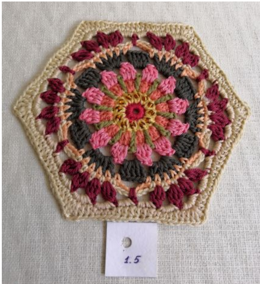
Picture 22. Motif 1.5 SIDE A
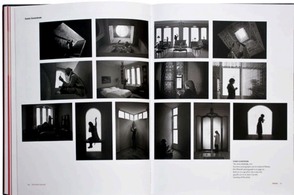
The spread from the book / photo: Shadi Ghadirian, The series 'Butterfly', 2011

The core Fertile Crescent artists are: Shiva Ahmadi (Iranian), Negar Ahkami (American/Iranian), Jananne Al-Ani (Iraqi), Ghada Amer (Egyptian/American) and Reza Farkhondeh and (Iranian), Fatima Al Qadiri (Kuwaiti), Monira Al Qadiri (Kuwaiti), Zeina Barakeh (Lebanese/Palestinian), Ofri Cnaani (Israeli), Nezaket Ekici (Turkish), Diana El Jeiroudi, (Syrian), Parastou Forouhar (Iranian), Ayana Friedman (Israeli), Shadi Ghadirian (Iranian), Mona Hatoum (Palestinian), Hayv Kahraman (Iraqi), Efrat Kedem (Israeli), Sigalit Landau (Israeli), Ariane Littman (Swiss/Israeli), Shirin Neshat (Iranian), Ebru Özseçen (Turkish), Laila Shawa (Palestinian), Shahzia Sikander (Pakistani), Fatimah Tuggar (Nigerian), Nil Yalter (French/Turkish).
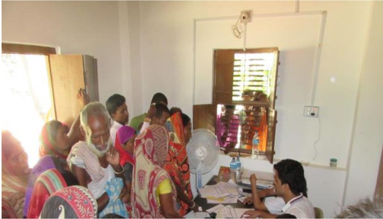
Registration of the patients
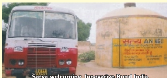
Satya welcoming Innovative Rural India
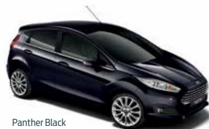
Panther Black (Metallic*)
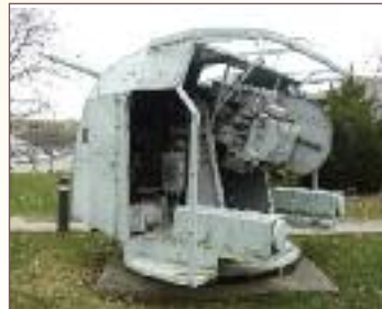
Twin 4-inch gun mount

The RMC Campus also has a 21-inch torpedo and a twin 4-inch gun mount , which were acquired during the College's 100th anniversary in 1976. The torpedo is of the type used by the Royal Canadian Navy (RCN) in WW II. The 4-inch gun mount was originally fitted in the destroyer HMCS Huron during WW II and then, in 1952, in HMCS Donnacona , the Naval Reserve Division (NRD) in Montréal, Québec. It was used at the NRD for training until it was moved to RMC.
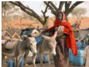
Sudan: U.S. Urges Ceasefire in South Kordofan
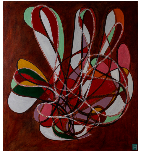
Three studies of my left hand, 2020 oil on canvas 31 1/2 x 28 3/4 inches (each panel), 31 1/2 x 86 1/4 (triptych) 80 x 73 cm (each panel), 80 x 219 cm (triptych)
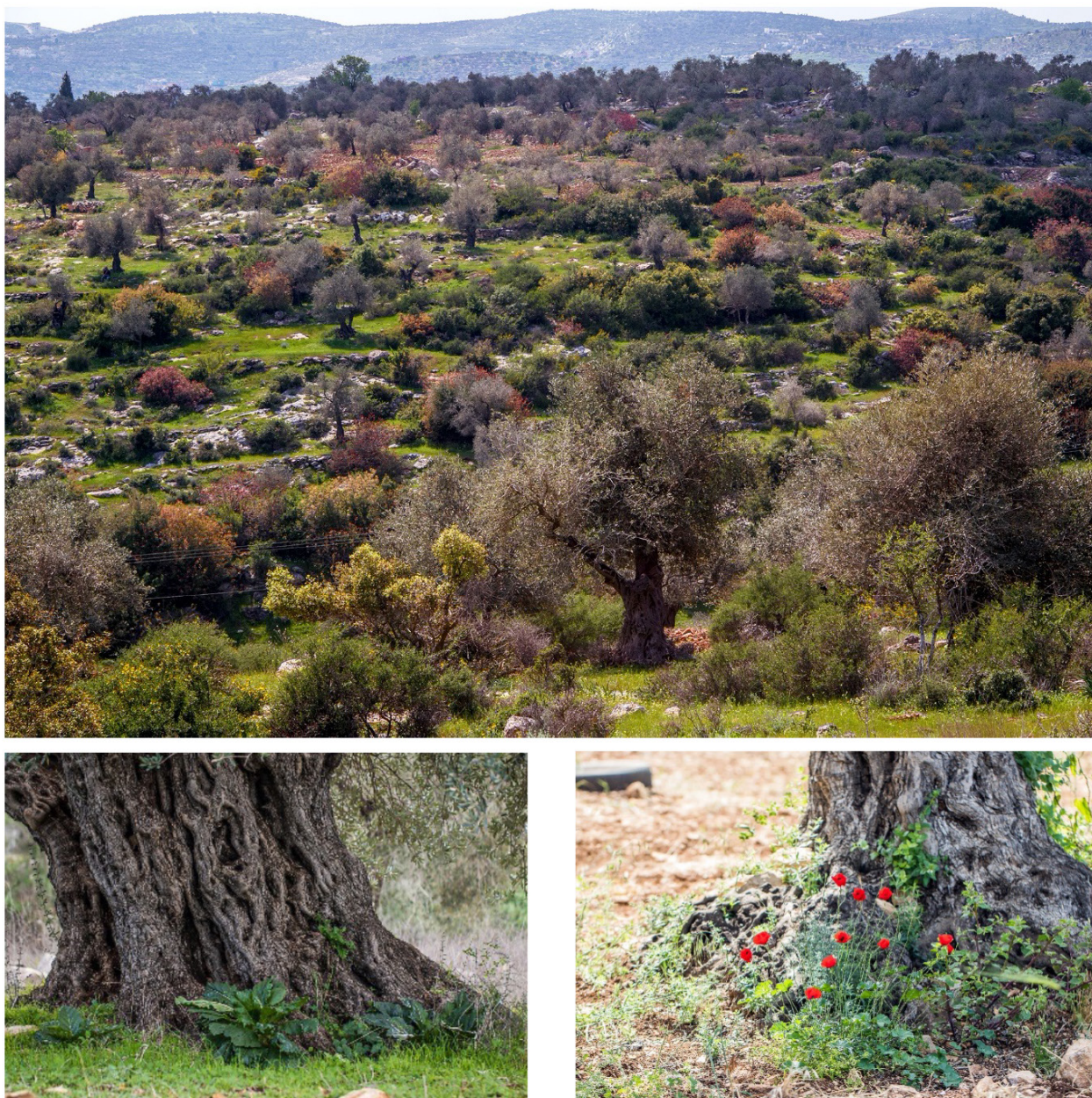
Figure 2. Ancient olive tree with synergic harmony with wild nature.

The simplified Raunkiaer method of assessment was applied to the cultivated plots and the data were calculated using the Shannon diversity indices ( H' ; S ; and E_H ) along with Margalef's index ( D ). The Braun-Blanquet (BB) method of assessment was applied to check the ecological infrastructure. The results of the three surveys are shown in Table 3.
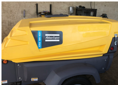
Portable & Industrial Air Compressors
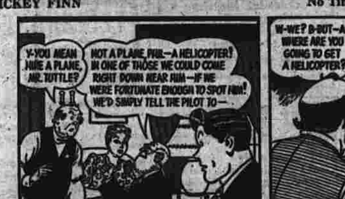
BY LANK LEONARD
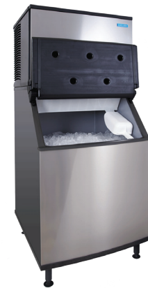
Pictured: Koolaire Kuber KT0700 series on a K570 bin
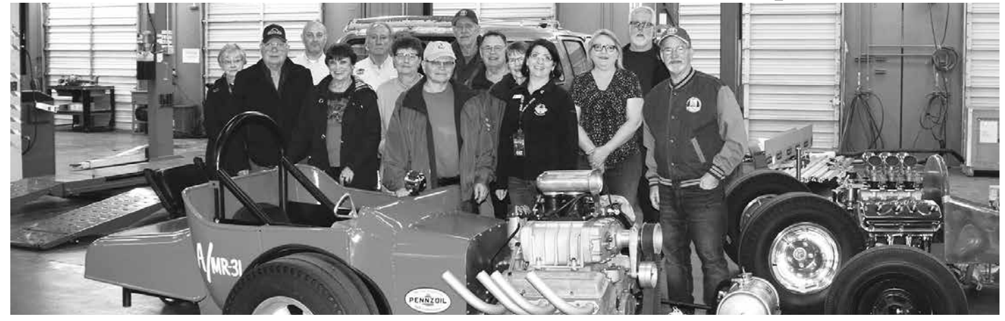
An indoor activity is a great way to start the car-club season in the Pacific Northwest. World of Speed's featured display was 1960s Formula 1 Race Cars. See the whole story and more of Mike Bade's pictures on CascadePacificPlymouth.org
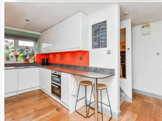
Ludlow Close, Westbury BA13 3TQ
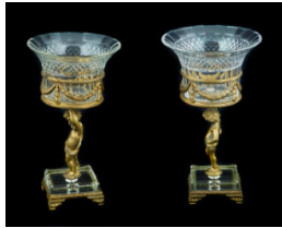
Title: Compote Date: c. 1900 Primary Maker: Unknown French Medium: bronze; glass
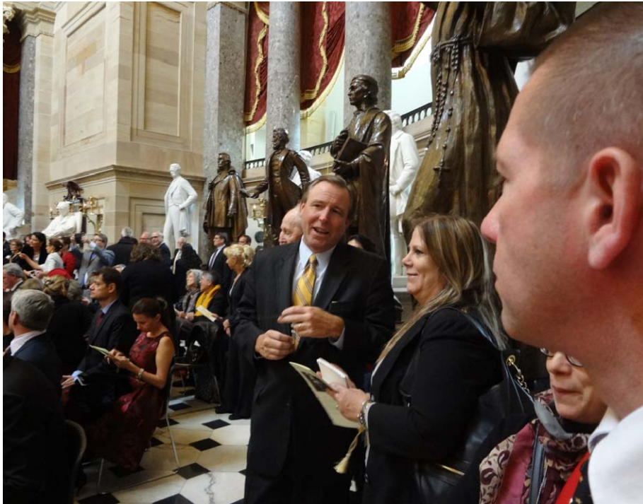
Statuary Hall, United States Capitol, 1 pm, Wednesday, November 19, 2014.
==
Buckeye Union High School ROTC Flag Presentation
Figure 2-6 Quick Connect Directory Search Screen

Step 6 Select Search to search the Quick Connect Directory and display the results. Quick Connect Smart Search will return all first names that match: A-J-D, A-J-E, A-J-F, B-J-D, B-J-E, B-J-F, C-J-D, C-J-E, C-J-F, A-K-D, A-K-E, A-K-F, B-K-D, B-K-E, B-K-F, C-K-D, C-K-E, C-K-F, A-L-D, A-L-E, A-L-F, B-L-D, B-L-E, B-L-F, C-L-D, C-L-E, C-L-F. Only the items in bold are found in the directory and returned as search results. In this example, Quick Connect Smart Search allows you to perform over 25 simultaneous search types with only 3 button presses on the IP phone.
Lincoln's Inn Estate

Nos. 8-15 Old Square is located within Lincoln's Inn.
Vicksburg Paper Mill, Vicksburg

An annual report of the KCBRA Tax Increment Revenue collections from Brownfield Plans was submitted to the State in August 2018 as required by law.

**Work request**
Reproduce word for word, with pictures dropped, only the part of the material above that opens with the line containing "Figure 2. Ancient" and closes with the line containing "Pictured: Koolaire Kuber".

**Answer box**
Figure 2. Ancient olive tree with synergic harmony with wild nature.

The simplified Raunkiaer method of assessment was applied to the cultivated plots and the data were calculated using the Shannon diversity indices ( H' ; S ; and E_H ) along with Margalef's index ( D ). The Braun-Blanquet (BB) method of assessment was applied to check the ecological infrastructure. The results of the three surveys are shown in Table 3.
Portable & Industrial Air Compressors
BY LANK LEONARD
Pictured: Koolaire Kuber KT0700 series on a K570 bin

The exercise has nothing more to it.